To 2015 - 2016
siren

By Dale kerem

  1. Untitled
    Untitled
    By Molly Friedel, 12
  
Her eyes shimmered in the ghostly light of the moon, flashing darkly before once again returning to their serene blue. With a small smile, she held out her hand.
 
"Don't worry. What could possibly go wrong this late at night? There’s not a soul around to catch us."
 
So I grabbed her hand and she pulled me in, running and stumbling down the sandy bank.
 
She laughed, and fear coursed through my veins as cold as ice.
 
“Come on, Lainy,” she giggled, winding her thin arms around my neck. “Don’t be scared, it’ll be fun.”
 
I grimaced at the unattractive nickname. “Don’t call me that, ‘Lyssa, you know I hate it. Anyway, I’m not scared.” I ducked out of her embrace and sauntered closer to the water, trying so hard to keep my legs steady underneath me.
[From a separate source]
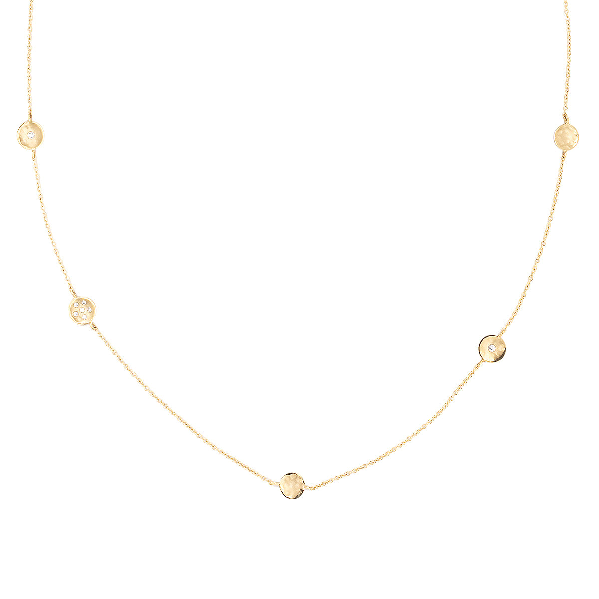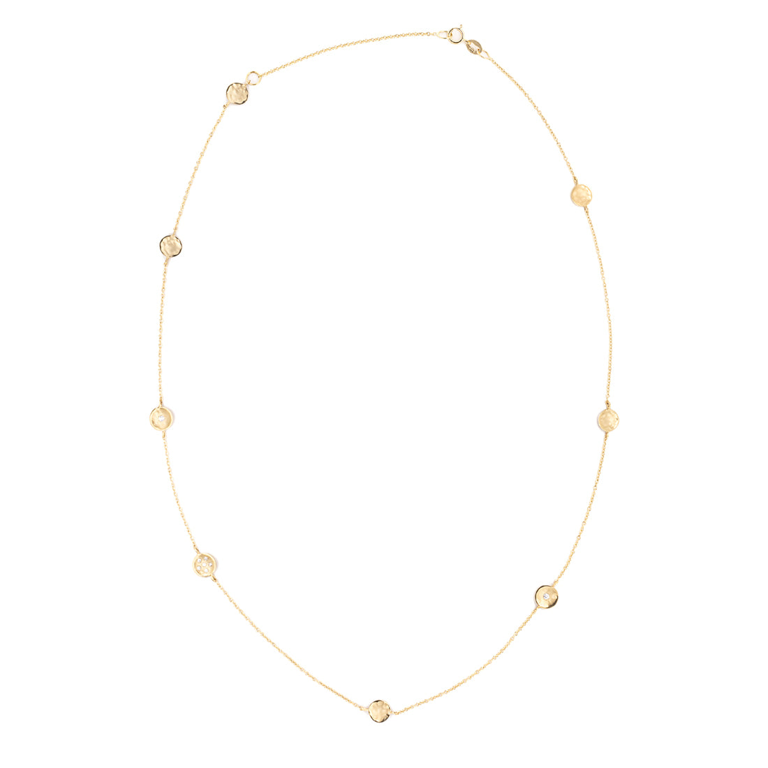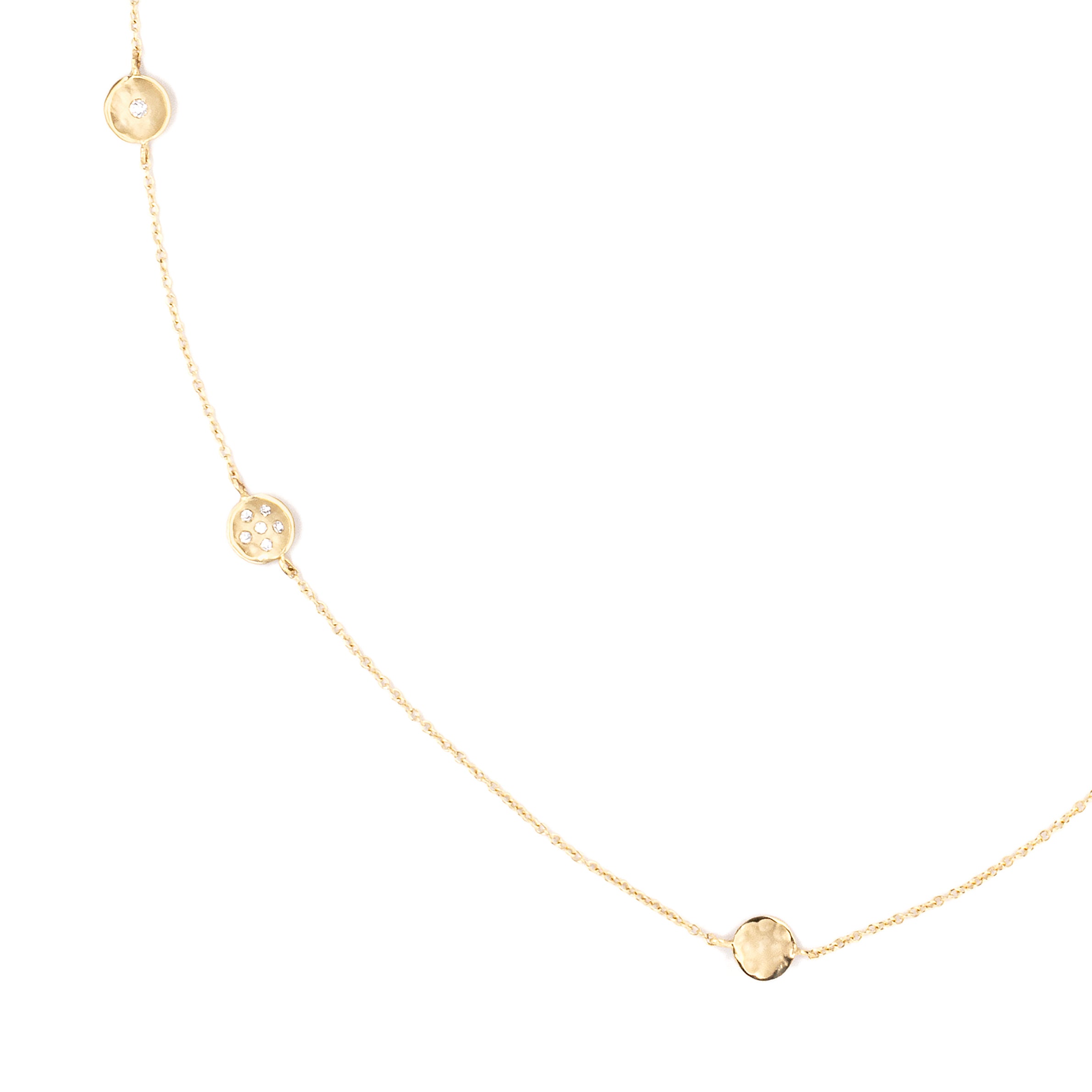 Diamond detail solid gold discs stationed on a fine cable chain.

I felt unnaturally brave, like someone else was controlling my limbs; making me step further and further into the warm water. It lapped around my ankles, soaking through my sneakers and socks and making me shudder.
 
“That’s right, Lainy.” She kicked off her sandals and skipped towards me. “Just a few more steps.”
 
The water had reached the hem of my shirt by then, and the crashing waves around me had dulled to a low roar. With each passing minute the tide rose and Alyssa took another step towards me, causing me to stumble deeper and deeper into the dark sea. I was shivering, although not from cold, struggling to keep my head above the curling waves as my toes brushed the sandy bottom. The redheaded girl grinned maniacally, her short skirt flowing out around her legs.
 
“You’re not quite there yet, darling.” Before I could respond she had placed her hands on my shoulders and locked eyes with me. “Take a deep breath now, Lain.” Her eyes glimmered and I complied, gasping in as much air as I could just seconds too late, tasting salt on my tongue and in my throat, trying to scream but only choking more, grabbing Alyssa’s hands, trying to pry her off of me. Sharp nails dug into my shoulders, tearing holes in the fabric of my shirt and slicing delicate half-moons into my skin as I struggled against her. I gasped at the pain, and my vision began the go dark and fuzzy around the edges.
 
Just before I went completely under I remembered her words, could almost hear her laughter, muffled by the waves:
 
What could possibly go wrong this late at night?